» **Task objective**: Here the job is to transcribe the data verbatim while leaving each picture out.

» **Provided material**:
────────

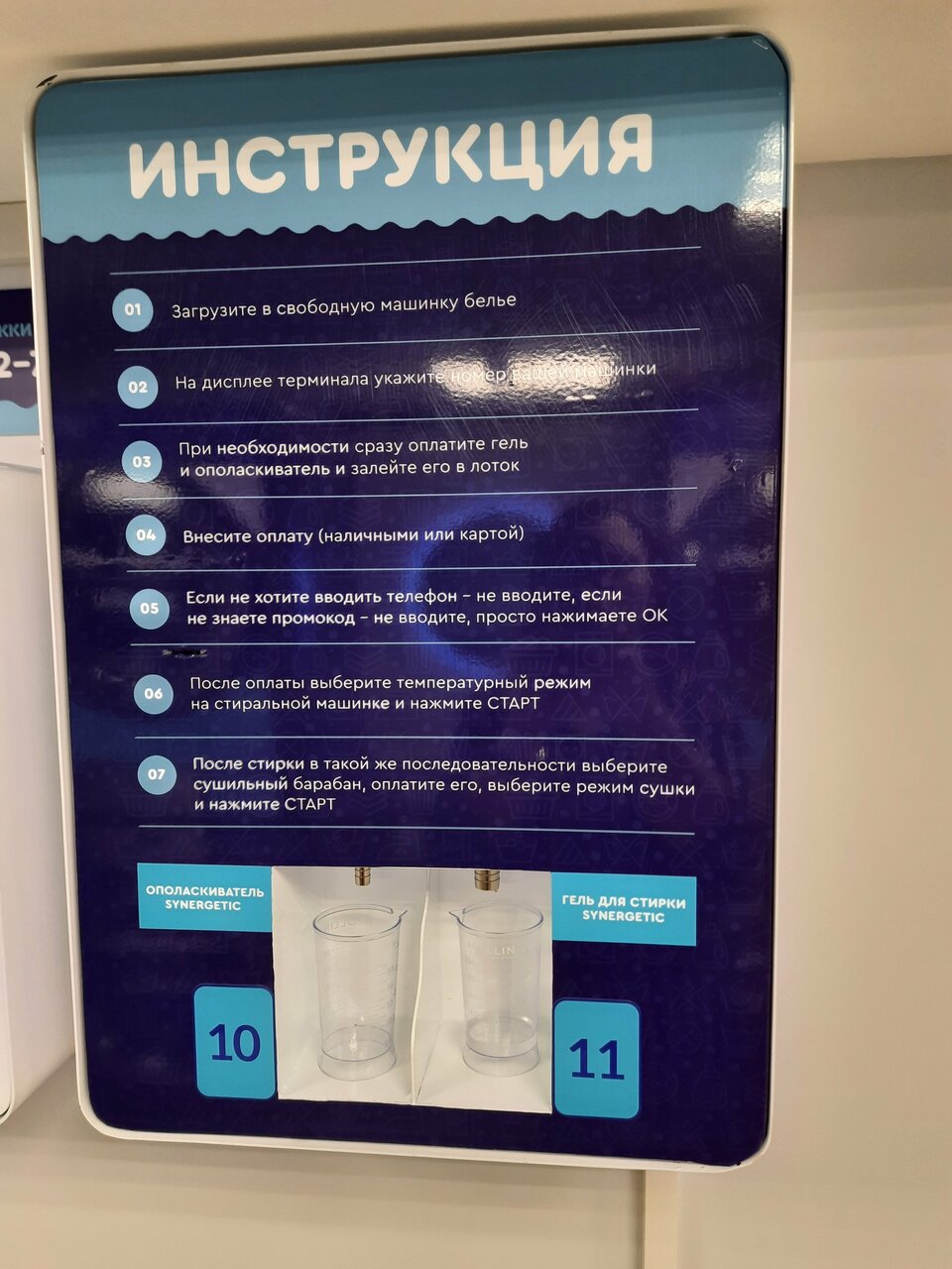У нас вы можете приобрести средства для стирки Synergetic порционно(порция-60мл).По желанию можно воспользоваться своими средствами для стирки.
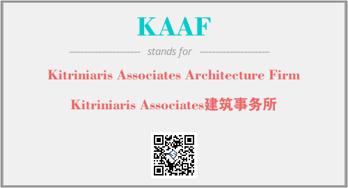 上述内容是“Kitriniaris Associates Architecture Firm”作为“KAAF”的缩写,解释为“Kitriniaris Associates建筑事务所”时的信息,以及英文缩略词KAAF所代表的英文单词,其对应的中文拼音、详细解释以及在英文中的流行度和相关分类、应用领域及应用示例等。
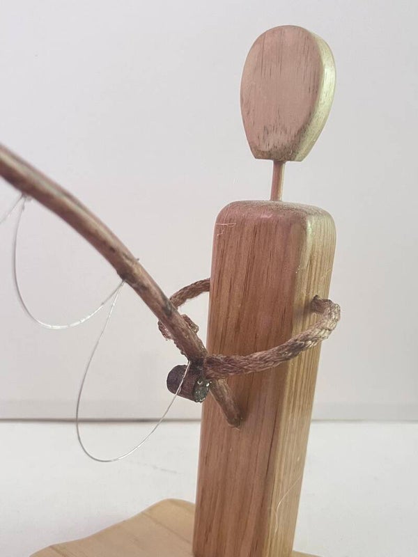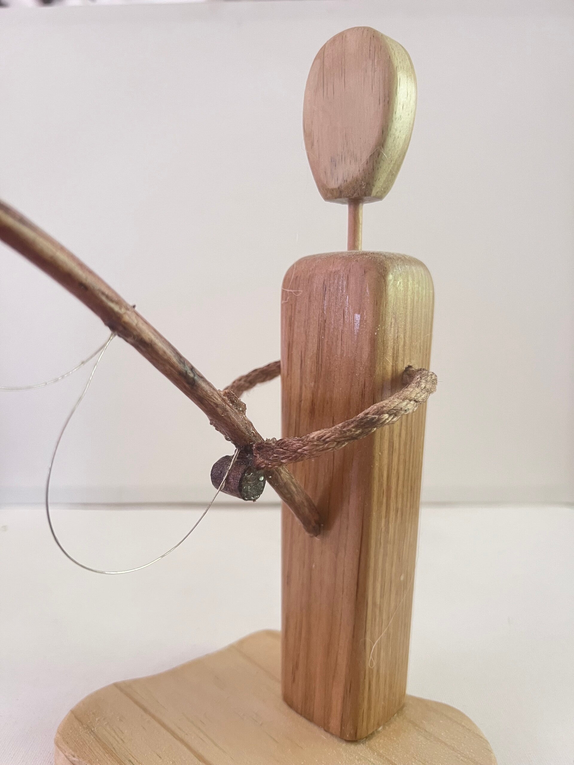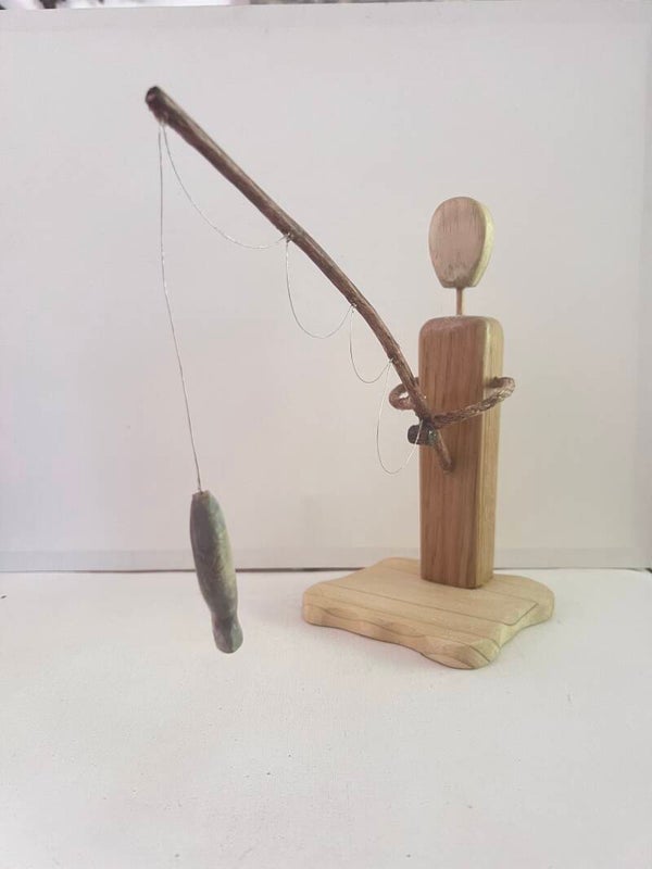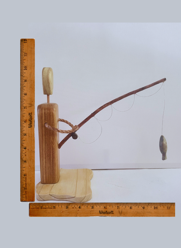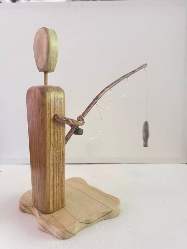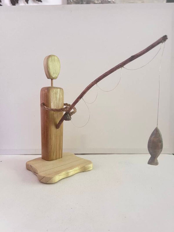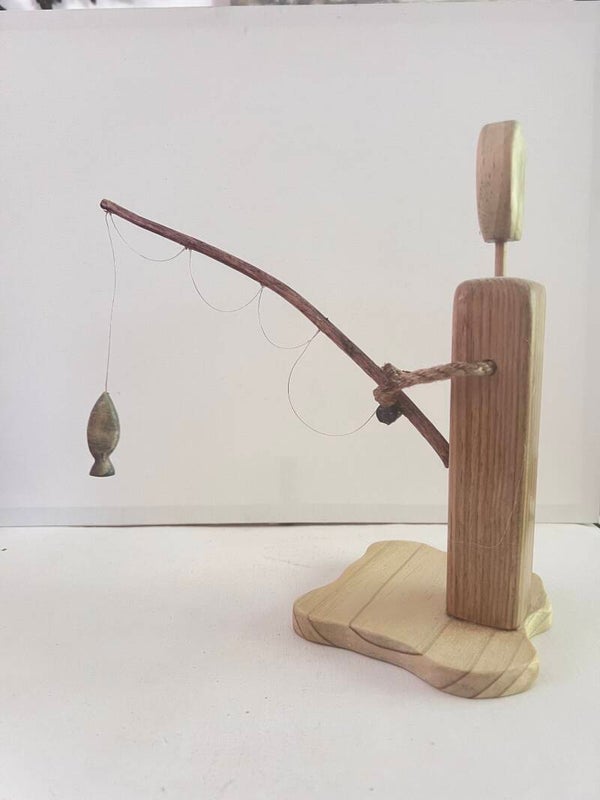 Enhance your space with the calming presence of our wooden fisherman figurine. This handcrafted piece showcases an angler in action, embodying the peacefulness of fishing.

────────

» **Task output**:
У нас вы можете приобрести средства для стирки Synergetic порционно(порция-60мл).По желанию можно воспользоваться своими средствами для стирки.
 上述内容是“Kitriniaris Associates Architecture Firm”作为“KAAF”的缩写,解释为“Kitriniaris Associates建筑事务所”时的信息,以及英文缩略词KAAF所代表的英文单词,其对应的中文拼音、详细解释以及在英文中的流行度和相关分类、应用领域及应用示例等。
 Enhance your space with the calming presence of our wooden fisherman figurine. This handcrafted piece showcases an angler in action, embodying the peacefulness of fishing.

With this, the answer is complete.